For example, let us build one system with a protein and water:
julia> using MolSimToolkit, PDBTools
julia> system = MolecularMinimumDistances.download_example();
julia> protein = coor(system, "protein");
julia> water = coor(system, "water");
We now build the CrossPairs
type of system, instead of calling the minimum_distances
function directly:
julia> sys = CrossPairs(
xpositions=water, # solvent
ypositions=protein, # solute
xn_atoms_per_molecule=3,
cutoff=12.0,
unitcell=[84.48, 84.48, 84.48]
)
CrossPairs system with:
Number of atoms of set x: 58014
Number of molecules in set x: 19338
Number of atoms of target structure y: 1463
Cutoff: 12.0
unitcell: [84.48, 0.0, 0.0, 0.0, 84.48, 0.0, 0.0, 0.0, 84.48]
Now sys
contains the necessary arrays for computing the list of minimum distances. We use now the minimum_distances!
function (with the !
), to update that list:
julia> minimum_distances!(sys)
19338-element Vector{MinimumDistance{Float64}}:
MinimumDistance{Float64}(false, 0, 0, Inf)
MinimumDistance{Float64}(false, 0, 0, Inf)

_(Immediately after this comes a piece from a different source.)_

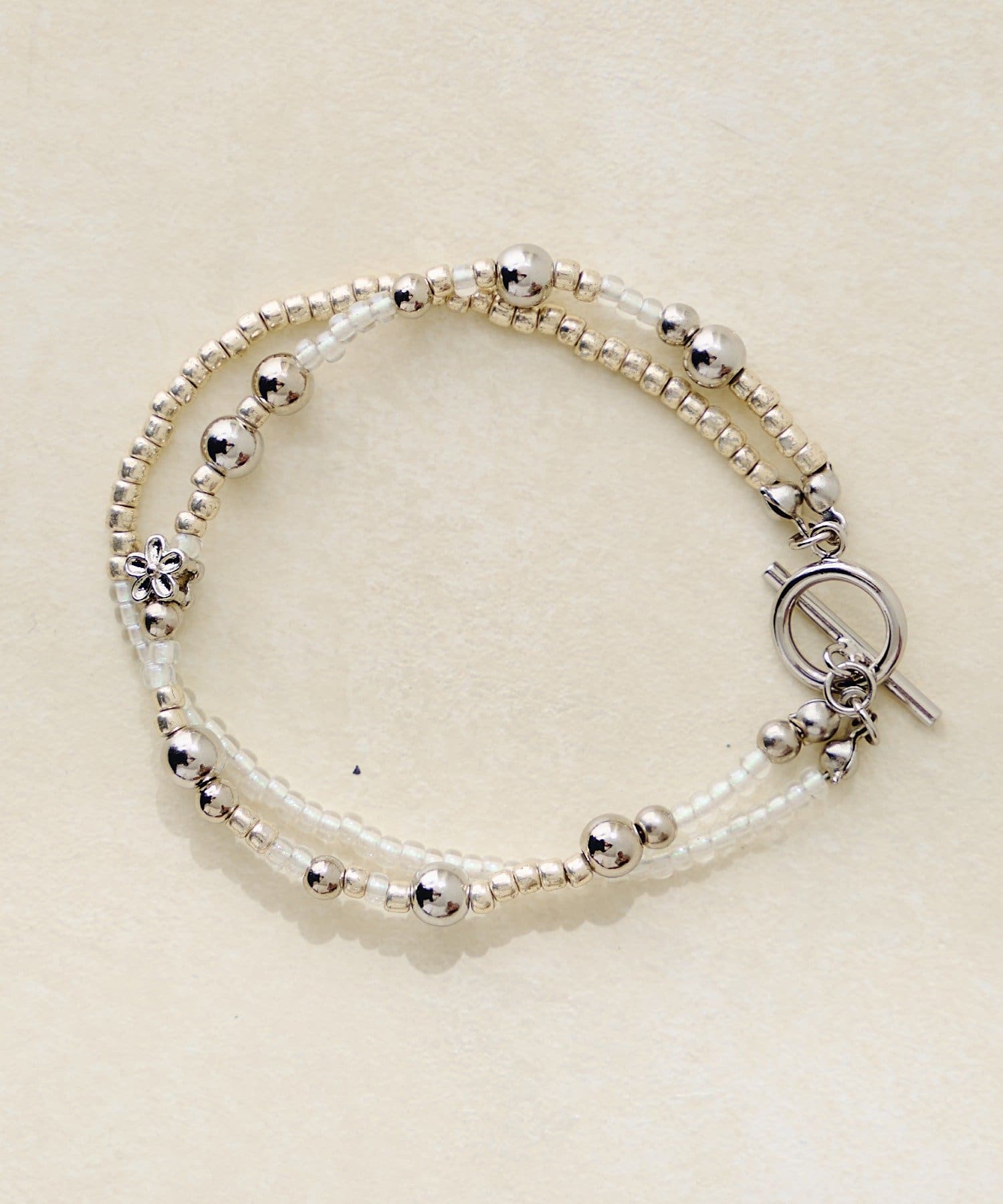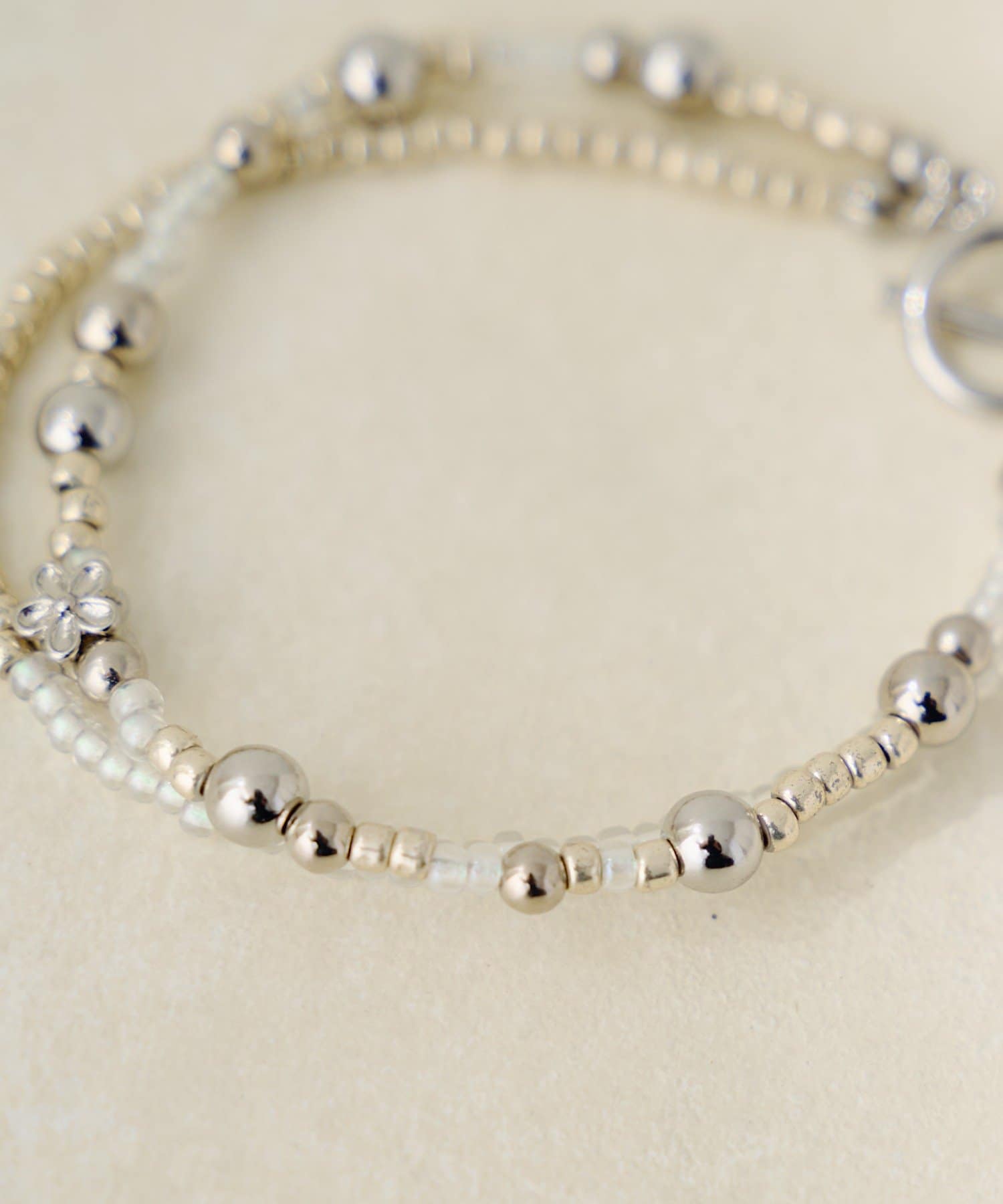 繊細な極細ビーズを主役にした、華奢見えデザインの二連ブレスレット。

MinimumDistance{Float64}(false, 0, 0, Inf)
⋮
MinimumDistance{Float64}(true, 58011, 383, 10.24673074692606)
MinimumDistance{Float64}(false, 0, 0, Inf)
The system can be now updated: the positions, cutoff, or unitcell can be modified, with the following interfaces:
Updating positions
To update the positions, modify the sys.xpositions
(or ypositions
) array. We will boldy demonstrate this by making the first atom of the x
set to be close to the first atom of the protein, and recomputing the distances:
julia> using StaticArrays
julia> sys.xpositions[2] = sys.ypositions[1] + SVector(1.0,0.0,0.0);
julia> minimum_distances!(sys)
19338-element Vector{MinimumDistance{Float64}}:
MinimumDistance{Float64}(true, 2, 4, 0.9202923448556931)
MinimumDistance{Float64}(false, 0, 0, Inf)
MinimumDistance{Float64}(false, 0, 0, Inf)
⋮
MinimumDistance{Float64}(true, 58011, 383, 10.24673074692606)
MinimumDistance{Float64}(false, 0, 0, Inf)
Updating the cutoff, unitcell and parallel flag
The cutoff
, unitcell
and parallel
data of the sys
objects can be modified directly. For example:
julia> sys
CrossPairs system with:
Number of atoms of set x: 58014
Number of molecules in set x: 19338
Number of atoms of target structure y: 1463
Cutoff: 15.0
unitcell: [100.0, 0.0, 0.0, 0.0, 100.0, 0.0, 0.0, 0.0, 100.0]
julia> sys.cutoff = 10.0
10.0
julia> sys.unitcell = [84.4, 84.4, 84.4]
3-element Vector{Float64}:
84.4
84.4
84.4
julia> sys.parallel = false
false
julia> sys
CrossPairs system with:
Number of atoms of set x: 58014
Number of molecules in set x: 19338
Number of atoms of target structure y: 1463
Cutoff: 10.0
unitcell: [84.4, 0.0, 0.0, 0.0, 84.4, 0.0, 0.0, 0.0, 84.4]
It is not possible to update the unitcell
from a Orthorhombic to a general Triclinic cell. If the system will be Triclinic at any moment, the unitcell
must be initialized with the full matrix instead of a vector of sides.
Index of molecules
Additionally, the low level interface allows the definition of more general groups of particles, in the sense that "molecule" can have different number of atoms in the same set. Therefore, one needs to provide a function that returns the index of the molecule of each atom, given the index of the atom.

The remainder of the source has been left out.